- _WHAT NEEDS TO BE DONE_
Repeat exactly the lines of the records below, starting at the line containing "COCO1YA(ココイチヤ) 子供用 春夏" and ending at the line containing "17-21 sierpnia 2015". Leave the pictures out.

- _DATA EXCERPTS_
———

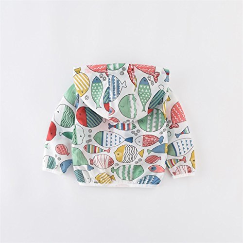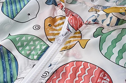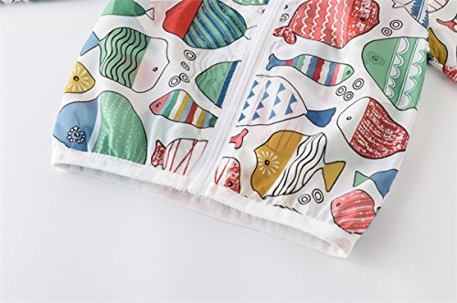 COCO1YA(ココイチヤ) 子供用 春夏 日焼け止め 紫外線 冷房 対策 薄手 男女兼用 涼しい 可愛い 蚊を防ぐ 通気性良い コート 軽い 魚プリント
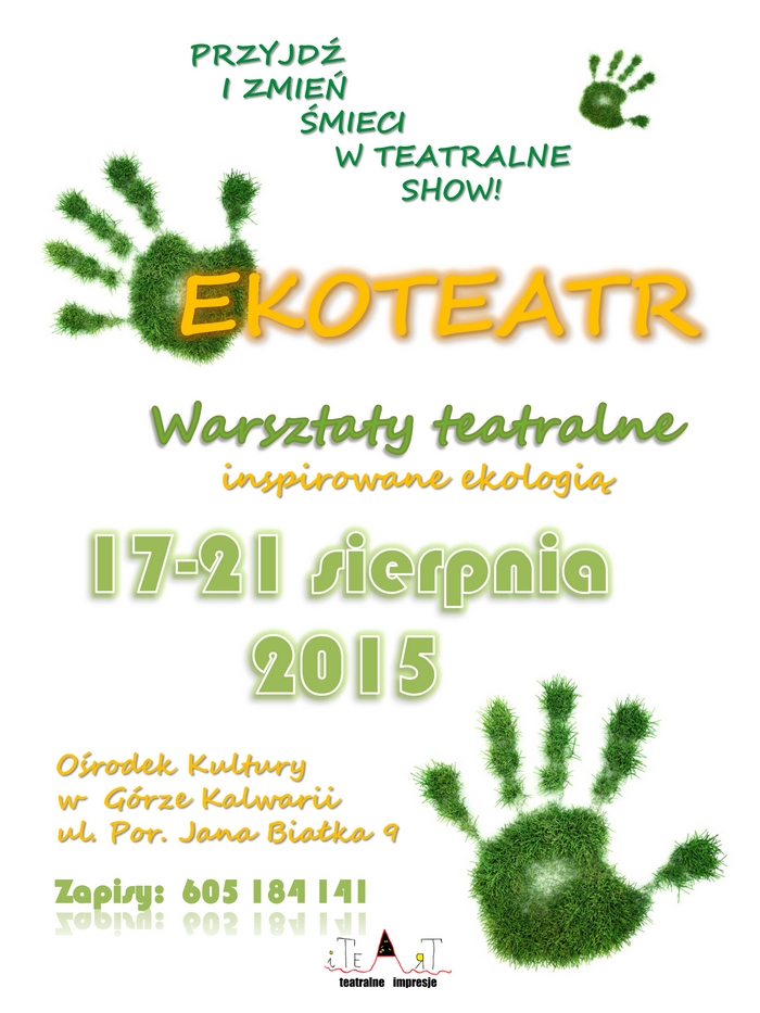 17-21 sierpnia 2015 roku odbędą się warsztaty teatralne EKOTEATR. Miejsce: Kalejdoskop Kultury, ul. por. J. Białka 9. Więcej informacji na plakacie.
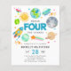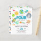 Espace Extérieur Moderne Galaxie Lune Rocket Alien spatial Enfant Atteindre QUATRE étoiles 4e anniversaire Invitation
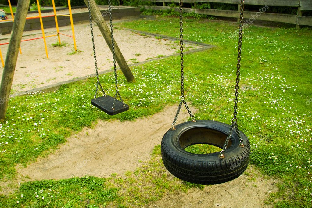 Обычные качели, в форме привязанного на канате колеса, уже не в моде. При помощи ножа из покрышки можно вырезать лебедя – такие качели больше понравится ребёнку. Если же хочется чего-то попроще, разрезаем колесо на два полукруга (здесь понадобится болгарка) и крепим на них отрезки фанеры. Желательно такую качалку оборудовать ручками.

———

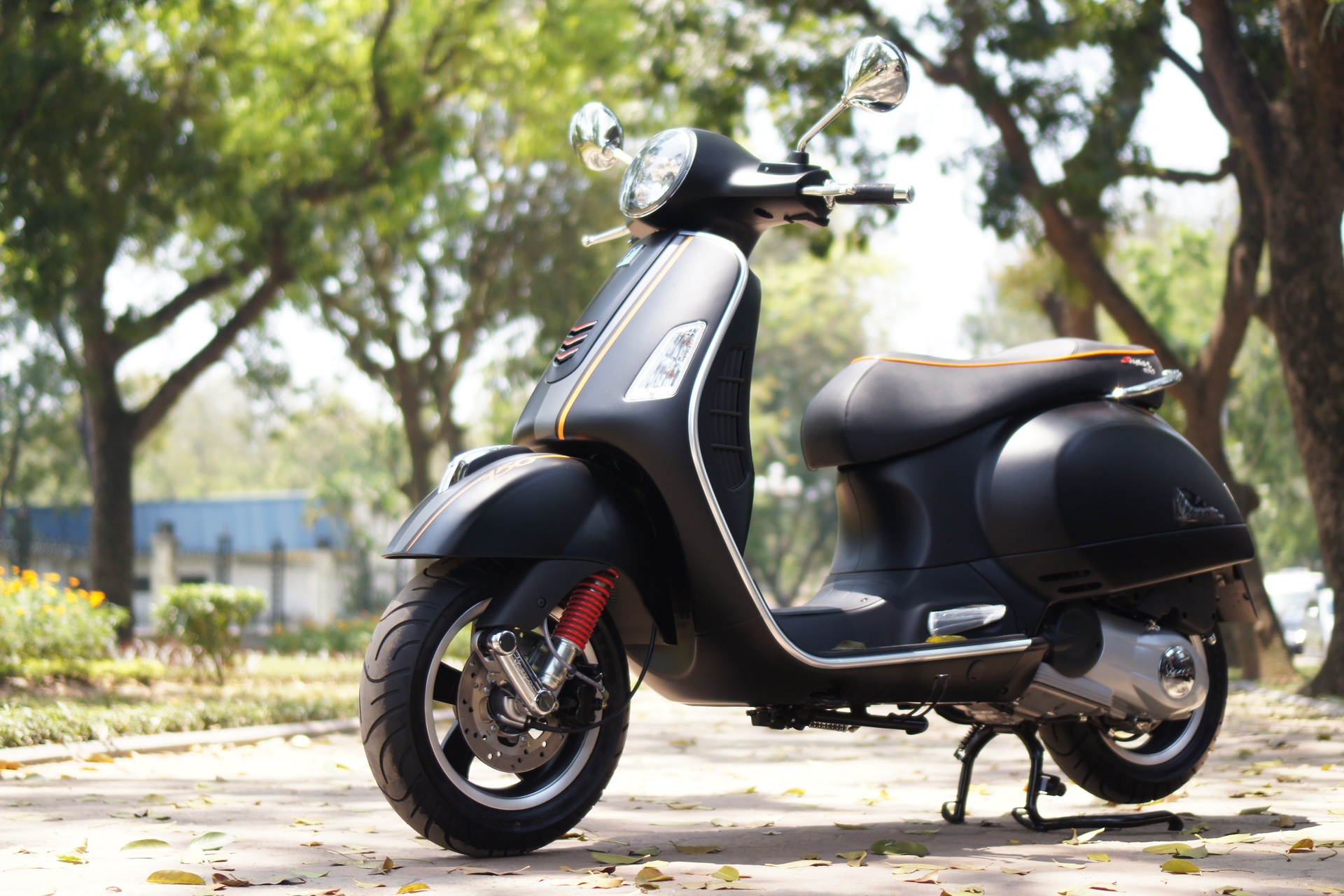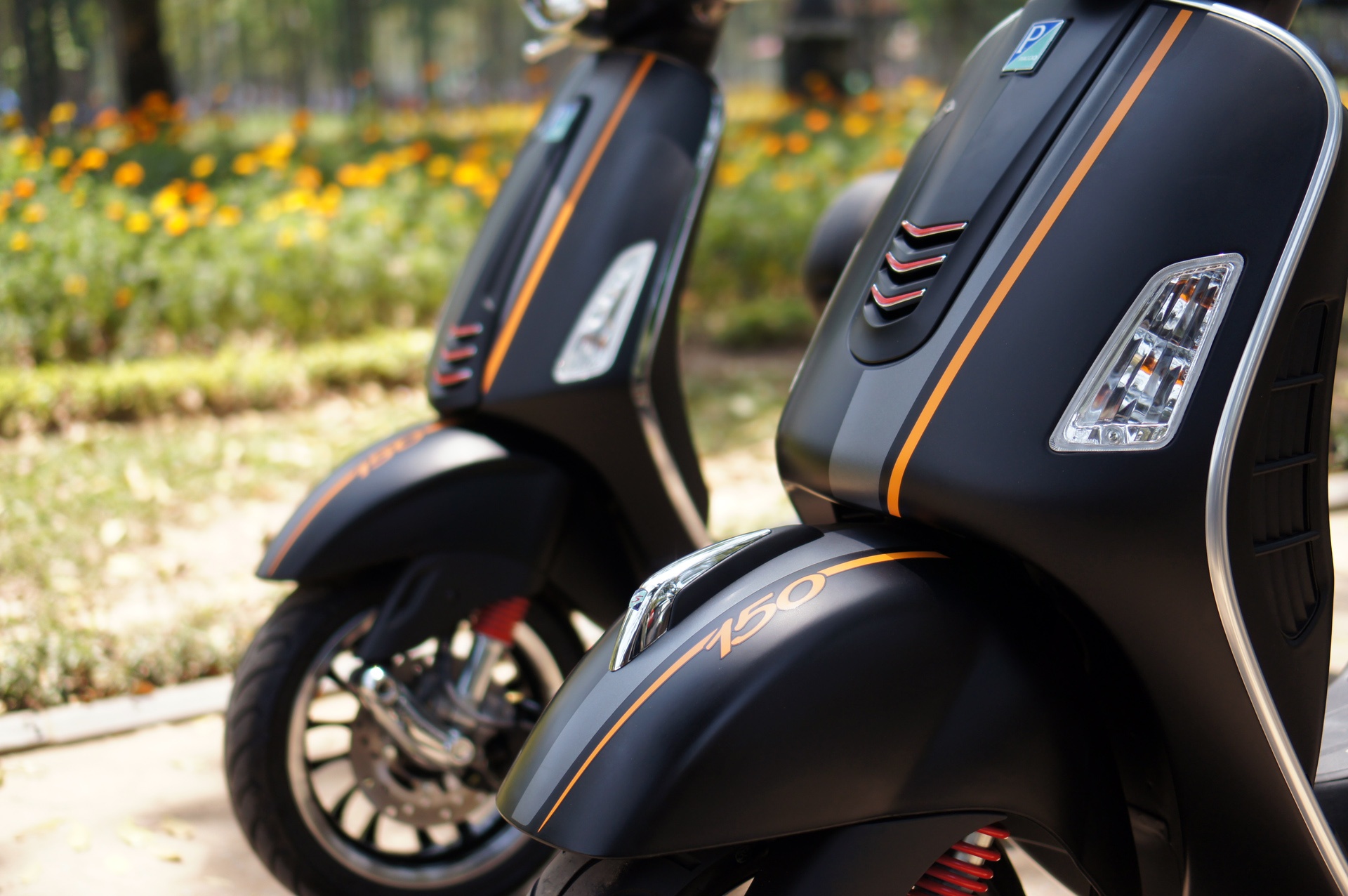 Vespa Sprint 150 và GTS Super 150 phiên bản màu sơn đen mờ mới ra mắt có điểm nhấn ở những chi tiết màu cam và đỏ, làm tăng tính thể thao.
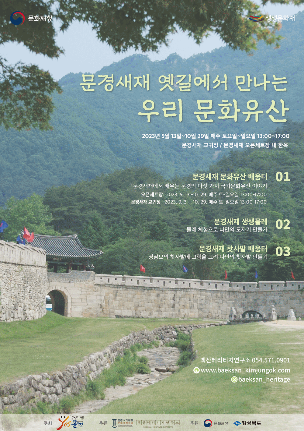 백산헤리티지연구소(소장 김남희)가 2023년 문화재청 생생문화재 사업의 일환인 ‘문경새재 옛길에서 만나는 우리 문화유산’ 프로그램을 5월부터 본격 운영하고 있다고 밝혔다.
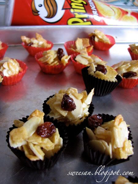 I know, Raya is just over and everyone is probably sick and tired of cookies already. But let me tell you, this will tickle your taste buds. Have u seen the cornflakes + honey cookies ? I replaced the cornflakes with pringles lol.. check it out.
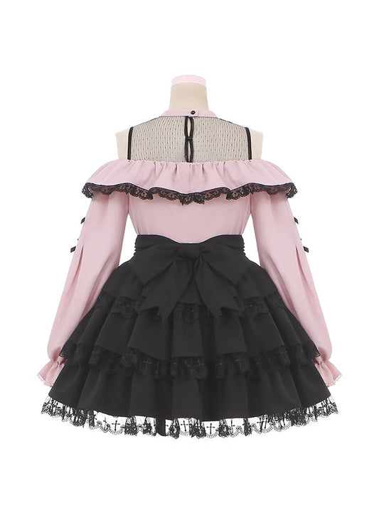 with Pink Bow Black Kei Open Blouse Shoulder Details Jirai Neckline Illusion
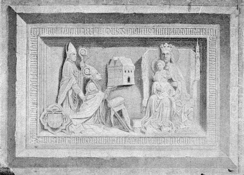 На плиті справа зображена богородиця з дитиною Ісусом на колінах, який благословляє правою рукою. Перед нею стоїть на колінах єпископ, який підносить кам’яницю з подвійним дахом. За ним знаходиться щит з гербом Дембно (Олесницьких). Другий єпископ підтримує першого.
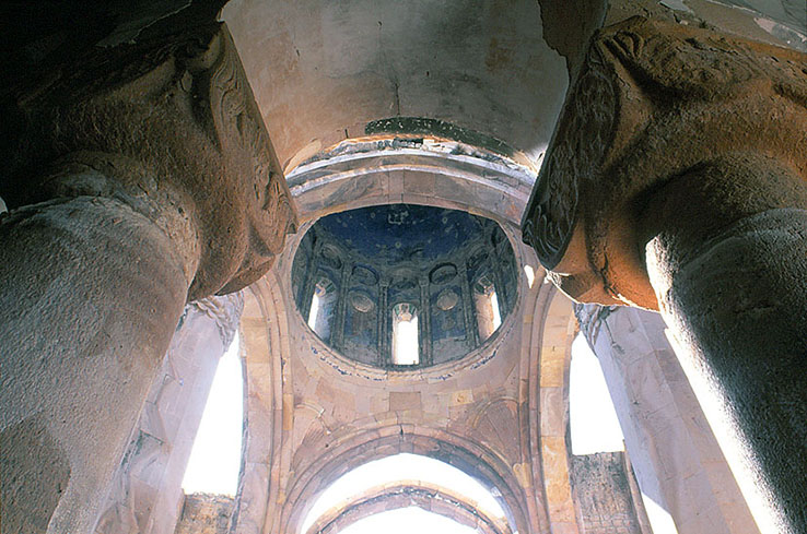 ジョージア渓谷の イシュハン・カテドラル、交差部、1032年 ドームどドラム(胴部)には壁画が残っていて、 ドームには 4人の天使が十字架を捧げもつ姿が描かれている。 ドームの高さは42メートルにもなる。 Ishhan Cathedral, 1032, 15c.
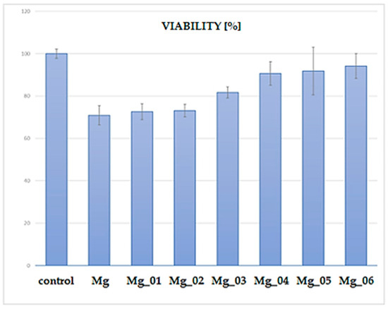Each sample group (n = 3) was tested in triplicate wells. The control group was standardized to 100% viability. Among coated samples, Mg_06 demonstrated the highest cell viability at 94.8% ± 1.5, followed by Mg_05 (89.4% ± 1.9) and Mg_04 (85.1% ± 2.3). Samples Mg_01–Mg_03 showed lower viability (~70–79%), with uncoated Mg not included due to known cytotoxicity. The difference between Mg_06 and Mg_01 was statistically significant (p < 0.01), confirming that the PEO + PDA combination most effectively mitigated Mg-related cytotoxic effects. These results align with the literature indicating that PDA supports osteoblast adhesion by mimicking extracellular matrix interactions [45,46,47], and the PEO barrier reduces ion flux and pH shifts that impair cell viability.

———

- _EXPECTED OUTPUT_
 COCO1YA(ココイチヤ) 子供用 春夏 日焼け止め 紫外線 冷房 対策 薄手 男女兼用 涼しい 可愛い 蚊を防ぐ 通気性良い コート 軽い 魚プリント
 17-21 sierpnia 2015 roku odbędą się warsztaty teatralne EKOTEATR. Miejsce: Kalejdoskop Kultury, ul. por. J. Białka 9. Więcej informacji na plakacie.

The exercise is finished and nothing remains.